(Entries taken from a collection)
────────────────────

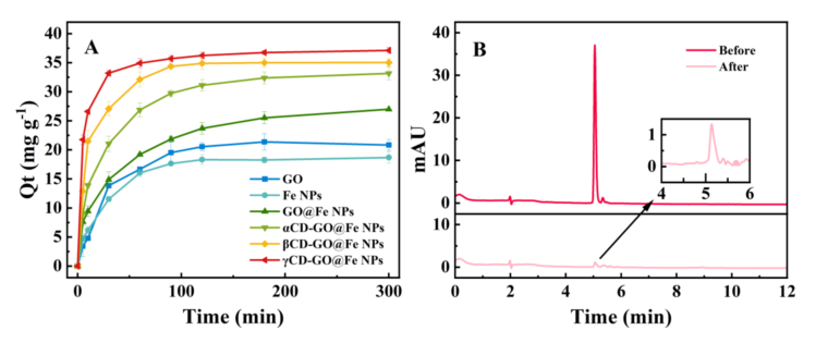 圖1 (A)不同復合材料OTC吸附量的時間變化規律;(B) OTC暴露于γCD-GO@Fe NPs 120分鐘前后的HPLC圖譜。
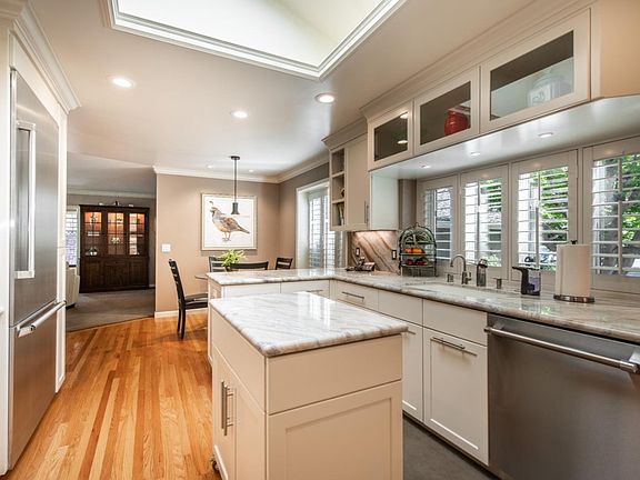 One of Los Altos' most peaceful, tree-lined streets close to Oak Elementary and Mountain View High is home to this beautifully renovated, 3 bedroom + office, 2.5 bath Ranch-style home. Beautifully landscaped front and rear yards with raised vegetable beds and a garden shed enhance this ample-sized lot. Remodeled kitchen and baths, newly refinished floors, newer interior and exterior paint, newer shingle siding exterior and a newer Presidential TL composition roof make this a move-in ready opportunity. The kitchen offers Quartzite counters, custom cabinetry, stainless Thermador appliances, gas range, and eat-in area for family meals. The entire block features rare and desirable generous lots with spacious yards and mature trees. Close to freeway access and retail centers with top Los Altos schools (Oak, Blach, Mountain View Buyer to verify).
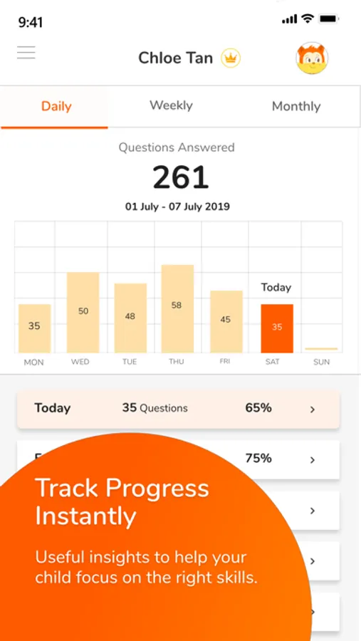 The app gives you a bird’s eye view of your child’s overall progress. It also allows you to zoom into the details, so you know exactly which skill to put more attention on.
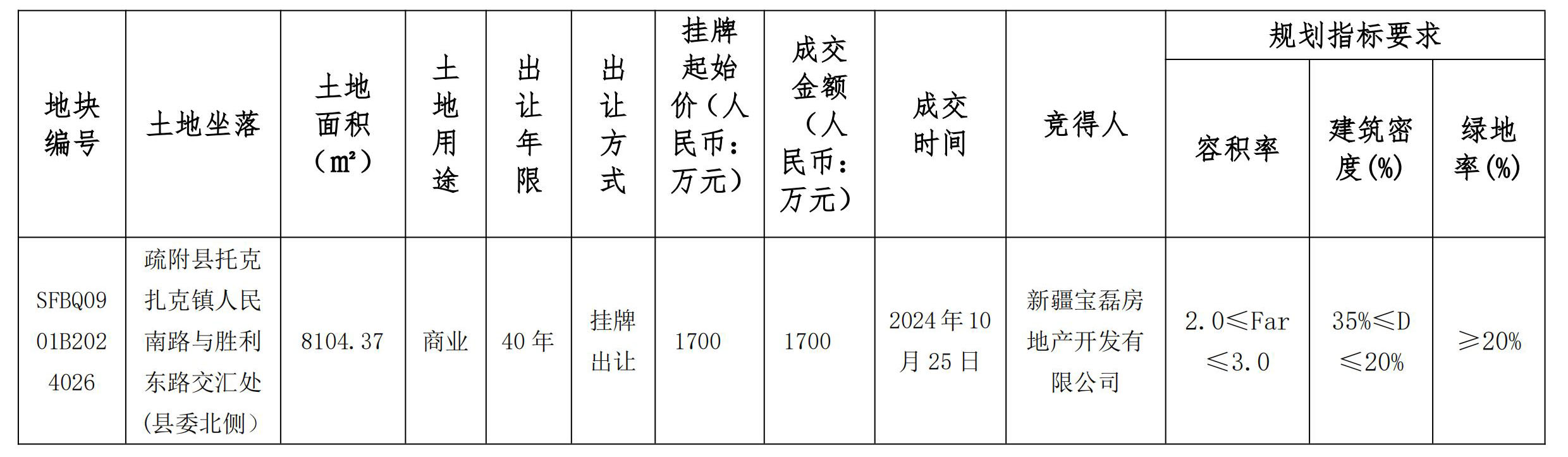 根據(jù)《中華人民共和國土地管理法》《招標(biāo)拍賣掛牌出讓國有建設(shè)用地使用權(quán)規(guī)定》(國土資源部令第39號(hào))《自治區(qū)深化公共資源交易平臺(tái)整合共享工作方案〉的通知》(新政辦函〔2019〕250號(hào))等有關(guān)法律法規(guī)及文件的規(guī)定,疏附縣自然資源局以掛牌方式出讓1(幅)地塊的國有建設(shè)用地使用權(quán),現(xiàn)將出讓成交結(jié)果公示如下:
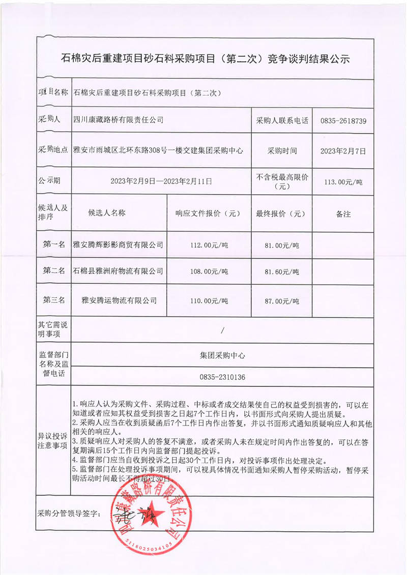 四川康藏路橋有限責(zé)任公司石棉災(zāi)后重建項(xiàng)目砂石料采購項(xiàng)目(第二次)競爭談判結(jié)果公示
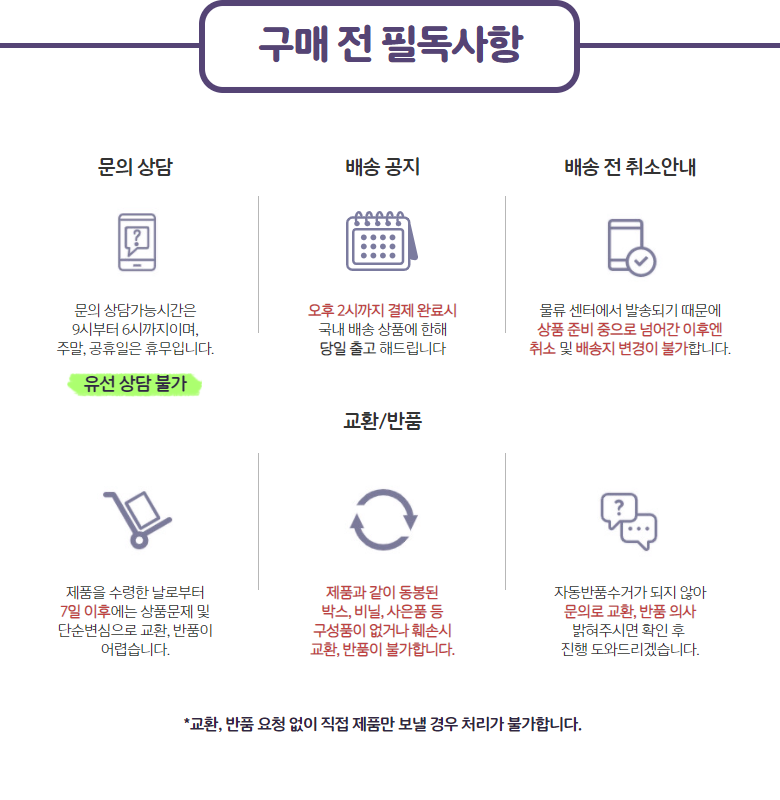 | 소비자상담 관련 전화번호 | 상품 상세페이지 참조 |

────────────────────

- [Work instructions] Reproduce the records exactly, starting with their first line and ending with the line that contains "根據(jù)《中華人民共和國", though pictures should be dropped.

- [Problem solution]
 圖1 (A)不同復合材料OTC吸附量的時間變化規律;(B) OTC暴露于γCD-GO@Fe NPs 120分鐘前后的HPLC圖譜。
 One of Los Altos' most peaceful, tree-lined streets close to Oak Elementary and Mountain View High is home to this beautifully renovated, 3 bedroom + office, 2.5 bath Ranch-style home. Beautifully landscaped front and rear yards with raised vegetable beds and a garden shed enhance this ample-sized lot. Remodeled kitchen and baths, newly refinished floors, newer interior and exterior paint, newer shingle siding exterior and a newer Presidential TL composition roof make this a move-in ready opportunity. The kitchen offers Quartzite counters, custom cabinetry, stainless Thermador appliances, gas range, and eat-in area for family meals. The entire block features rare and desirable generous lots with spacious yards and mature trees. Close to freeway access and retail centers with top Los Altos schools (Oak, Blach, Mountain View Buyer to verify).
 The app gives you a bird’s eye view of your child’s overall progress. It also allows you to zoom into the details, so you know exactly which skill to put more attention on.
 根據(jù)《中華人民共和國土地管理法》《招標(biāo)拍賣掛牌出讓國有建設(shè)用地使用權(quán)規(guī)定》(國土資源部令第39號(hào))《自治區(qū)深化公共資源交易平臺(tái)整合共享工作方案〉的通知》(新政辦函〔2019〕250號(hào))等有關(guān)法律法規(guī)及文件的規(guī)定,疏附縣自然資源局以掛牌方式出讓1(幅)地塊的國有建設(shè)用地使用權(quán),現(xiàn)將出讓成交結(jié)果公示如下:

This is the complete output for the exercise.